Namun Kaisar Qi dengan kebesaran hati berpura-pura jadi tukang kayu, tak mengurus pemerintahan selama delapan tahun, diam-diam menumpas satu per satu para pemberontak, hingga Qi Utara jadi makmur seperti sekarang. Tak disangka putranya, Gao Shun, hanya seorang bodoh, mempermalukan nama keluarga di Yong’an.

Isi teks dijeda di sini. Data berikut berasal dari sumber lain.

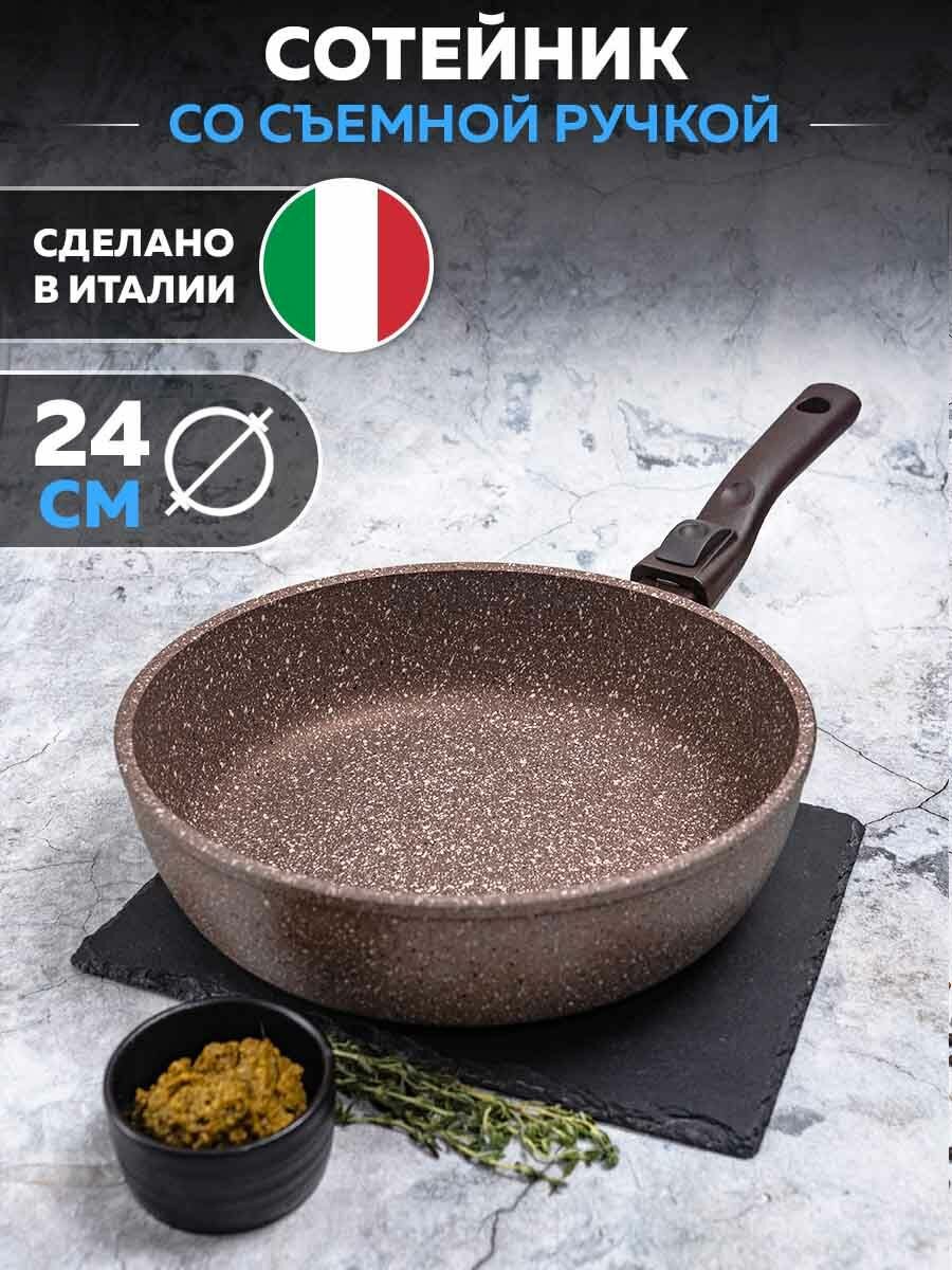 арт. ATI-2024 Сотейник TVS ART GRANIT INDUCTION 24см, съемная ручка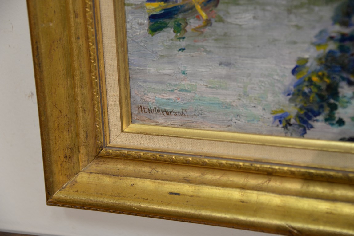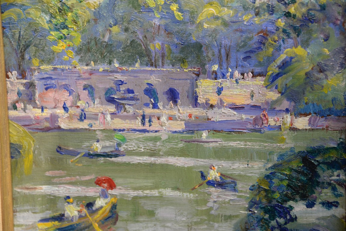 Lot 110: Howard Logan Hildebrandt 1872-1958 Summer Row in Central Park Pond oil on panel signed lower left: H. L. Hildebrandt 1…

Ling Chaofeng pun merasa geli, belum lama ini mereka menyaksikan lelucon dari rombongan utusan Qi Utara, namun di istana Gu Zhong sangat pandai bicara, sama sekali tidak memalukan Qi Utara. Tapi Gao Shun malah membuat keributan besar.
Konon Pangeran Kecil Qi Utara, Gao Shun, adalah talenta dari surga, tapi menurut Ling Chaofeng, ia hanya bodoh.
Saat itu, orang-orang Zhou berpikiran seperti Qi An dan Ling Chaofeng, meski berbeda, namun sama-sama meremehkan dan menertawakan Gao Shun.
Hingga Gu Zhong dan Hu Hai mendengar kejadian itu dan segera keluar dari Kota Yong’an, barulah masalah selesai. Namun insiden itu membuat Gao Shun didenda lima ribu tael perak; seribu untuk pasukan penjaga kota, dan empat ribu untuk mengganti rugi lapak teh Qi An.
Gu Zhong merasa orang Zhou jelas-jelas memeras mereka, lapak teh sekecil itu mana mungkin seharga empat ribu tael?
Tak disangka, Qi An malah menangis dan mengais-ngais reruntuhan lapak teh, mengeluarkan segenggam kecil sisa daun teh Bi Hai Qing, “Ini teh termurah di sini! Denda empat ribu tael saja saya masih rugi!”
Sebagai orang yang biasa bergaul dengan kaum elit, Gao Shun langsung mengenali teh Bi Hai Qing; di Qi Utara saja harganya dua ratus tujuh puluh tael per tael, sedangkan Maojian tadi sangat buruk.
Namun saat itu, tak ada satu pun yang membela pihak Qi Utara, jadi meski Gao Shun sangat marah, ia hanya bisa menelan kerugian itu dengan terpaksa.